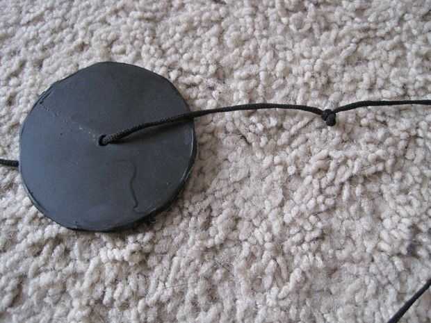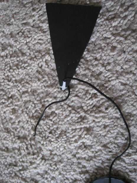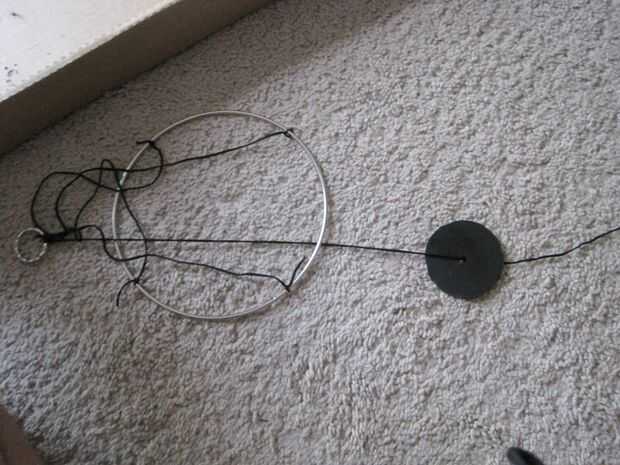 Alimentación la letanía mencionada en el último paso, el badajo y colector de piezas se unen a la campanilla. Te recomiendo conseguir la claqueta donde usted lo desee antes de colocar el colector. Una vez que la posición es correcta, atar un saber grande (o varios pequeños nudos) bajo la claqueta para asegurarlo en su lugar. Recorte el exceso de cordel de la parte inferior para conseguir la posición deseada para el receptor. Atar el captador de viento en la parte inferior de la cadena.
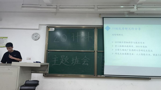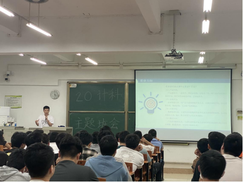 陈楷建师兄是2021年新华好青年,在校期间获得多项荣誉,同时也是20计科的班助。他在2022年实习工作中表现突出,现已斩获心仪公司offer。陈楷建师兄向20计科的同学们详细分享了他的过往经历和学习历程,并从职业方向、基础储备、求职准备这三个方面进行讲解。同时,他也给予同学们具体的工作面试经验,强调寻求工作时,要提前做好准备工作,了解意向岗位需求,准备好简历,从而锻炼竞争力,提高沟通能力。陈师兄的分享让20计科的同学们了解到了更多的专业就业方向以及找实习工作的方法,他叮嘱同学们要早做规划和打算,找准自己的定位,建立自己的核心竞争力。
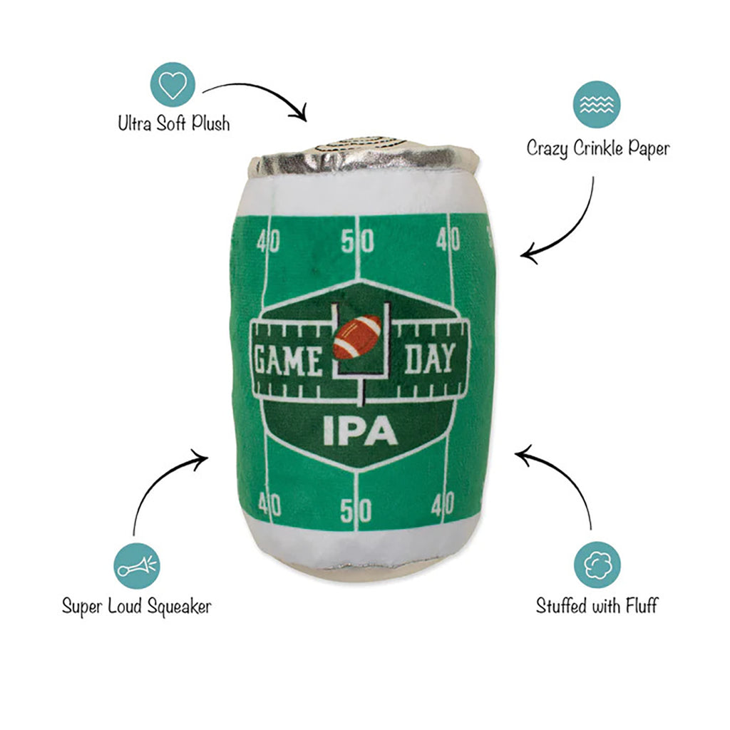 Win or lose, we still booze! Pet Shop by Fringe Studio “Game Day IPA” is perfect for playtime, anytime. Made with a super loud squeaker and crazy crinkle paper details, this toy was designed with interactive play in mind. Whether you squeak, crinkle or roll it, this beer will be your pups number one draft pick. Great for all sized dogs and not intended for aggressive chewers..

============================================================

Without the pictures, write out the entire listing exactly.

**Problem solution**:
 Alimentación la letanía mencionada en el último paso, el badajo y colector de piezas se unen a la campanilla. Te recomiendo conseguir la claqueta donde usted lo desee antes de colocar el colector. Una vez que la posición es correcta, atar un saber grande (o varios pequeños nudos) bajo la claqueta para asegurarlo en su lugar. Recorte el exceso de cordel de la parte inferior para conseguir la posición deseada para el receptor. Atar el captador de viento en la parte inferior de la cadena.
 陈楷建师兄是2021年新华好青年,在校期间获得多项荣誉,同时也是20计科的班助。他在2022年实习工作中表现突出,现已斩获心仪公司offer。陈楷建师兄向20计科的同学们详细分享了他的过往经历和学习历程,并从职业方向、基础储备、求职准备这三个方面进行讲解。同时,他也给予同学们具体的工作面试经验,强调寻求工作时,要提前做好准备工作,了解意向岗位需求,准备好简历,从而锻炼竞争力,提高沟通能力。陈师兄的分享让20计科的同学们了解到了更多的专业就业方向以及找实习工作的方法,他叮嘱同学们要早做规划和打算,找准自己的定位,建立自己的核心竞争力。
 Win or lose, we still booze! Pet Shop by Fringe Studio “Game Day IPA” is perfect for playtime, anytime. Made with a super loud squeaker and crazy crinkle paper details, this toy was designed with interactive play in mind. Whether you squeak, crinkle or roll it, this beer will be your pups number one draft pick. Great for all sized dogs and not intended for aggressive chewers..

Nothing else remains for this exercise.